◆ **Problem statement**: Copy out exactly the lines spanning the line with "Louis Vuitton Nakışlı" to the line with "Мощный, надёжный, безопасный", inclusive, from the data underneath, with no pictures.

━━━━━ Data provided

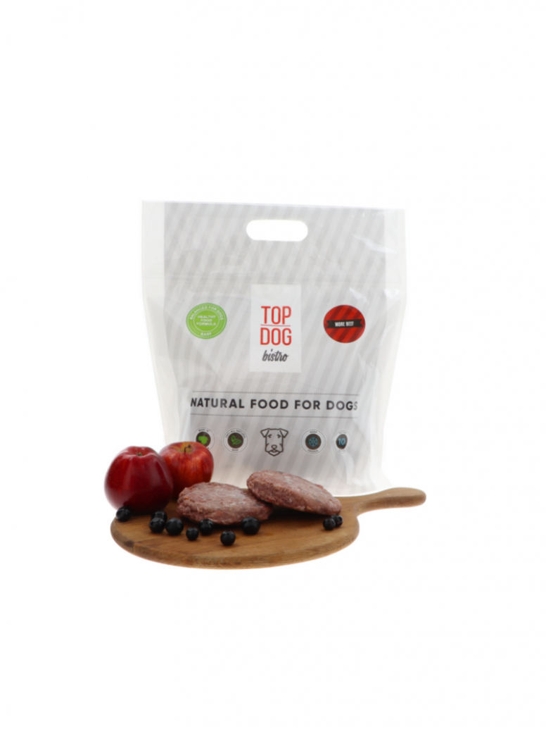 Viena burgera svars aptuveni ~ 160g (+ -5%) un tādējādi ir ideāli piemēroti gan lieliem, gan maziem suņiem. Burgeri ir iepakoti pa 10 gb. plastmasas iepakojumā, tāpēc jums būs ļoti ērti izņemt un atkausēt ikdienas porciju.
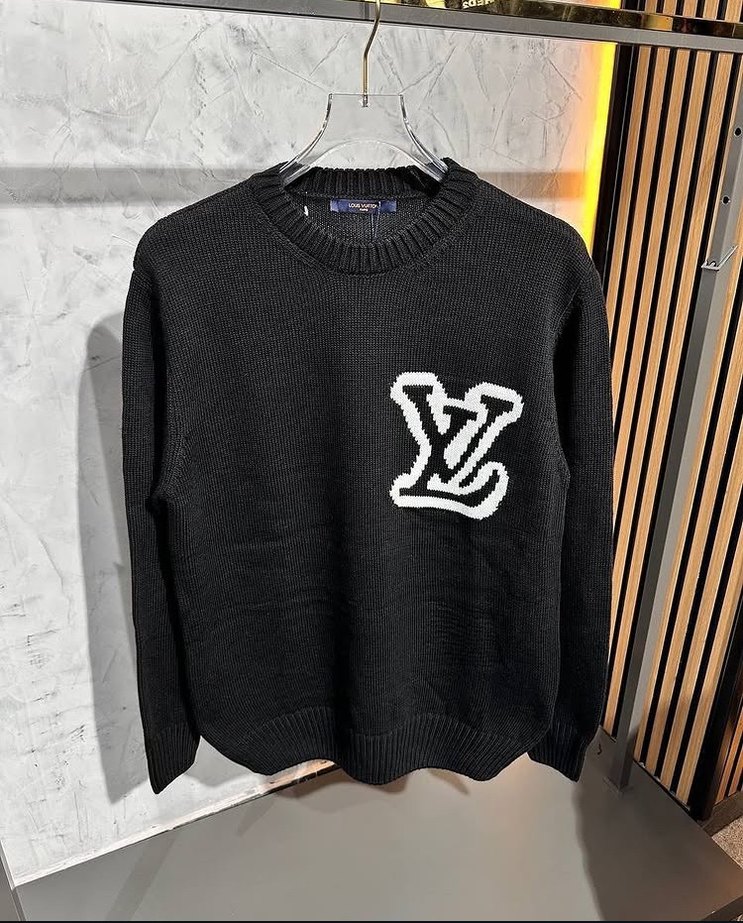 Louis Vuitton Nakışlı Siyah Premium Erkek Triko Kazak
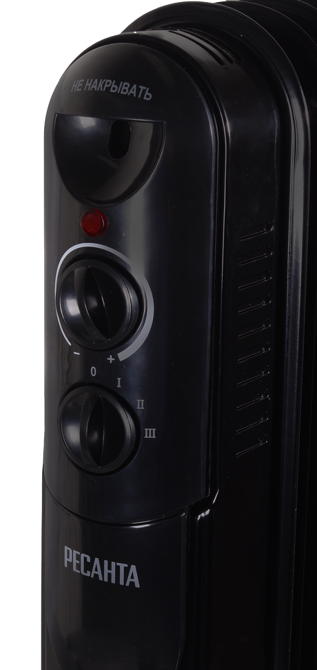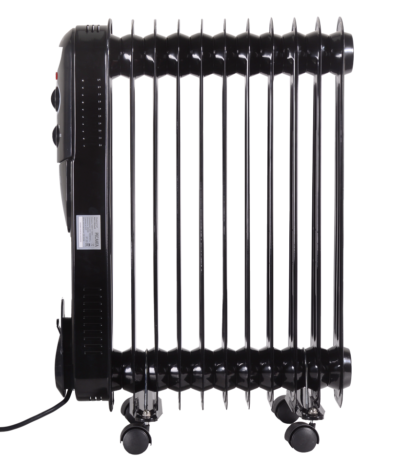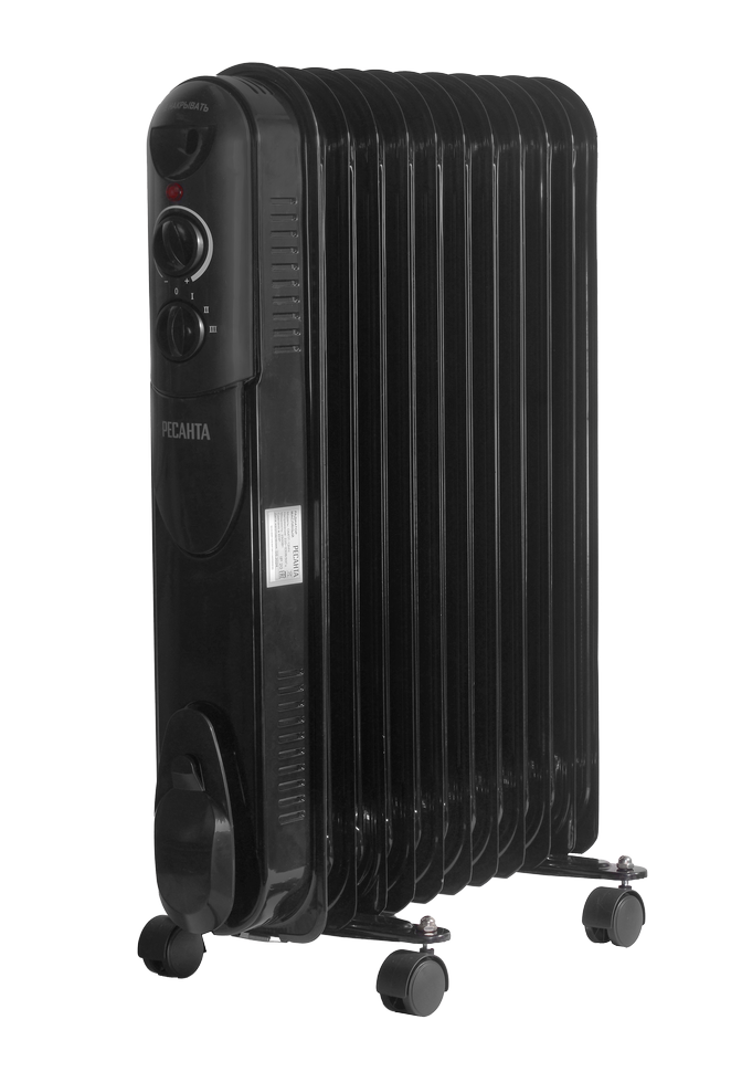 Мощный, надёжный, безопасный масляный радиатор чёрного цвета модели Ресанта ОМПТ-12НЧ предназначен для обогрева помещений площадью до 30 м². Он состоит за 11-ти металлических секций. Внутри прибора залито минеральное масло, нагреваемое ТЭНом, который расположен в нижней части корпуса. Конструкция позволяет быстро выходить на режим нагрева, равномерно распределять тепло и при этом не пересушивать воздух в помещении. Мощность масляного нагревателя составляет 2.5 кВт с возможностью выбора одного из трёх режимов нагрева: 1 – 1000 Вт, 2 – 1500 Вт и 3 – 2500 Вт.
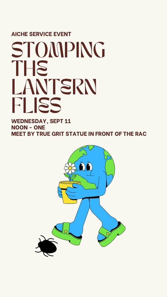 Join AICHE as we take a stroll around campus and stomp out lantern flies to save our trees!

━━━━━━━━━━

◆ **Solution for this problem**:
 Louis Vuitton Nakışlı Siyah Premium Erkek Triko Kazak
 Мощный, надёжный, безопасный масляный радиатор чёрного цвета модели Ресанта ОМПТ-12НЧ предназначен для обогрева помещений площадью до 30 м². Он состоит за 11-ти металлических секций. Внутри прибора залито минеральное масло, нагреваемое ТЭНом, который расположен в нижней части корпуса. Конструкция позволяет быстро выходить на режим нагрева, равномерно распределять тепло и при этом не пересушивать воздух в помещении. Мощность масляного нагревателя составляет 2.5 кВт с возможностью выбора одного из трёх режимов нагрева: 1 – 1000 Вт, 2 – 1500 Вт и 3 – 2500 Вт.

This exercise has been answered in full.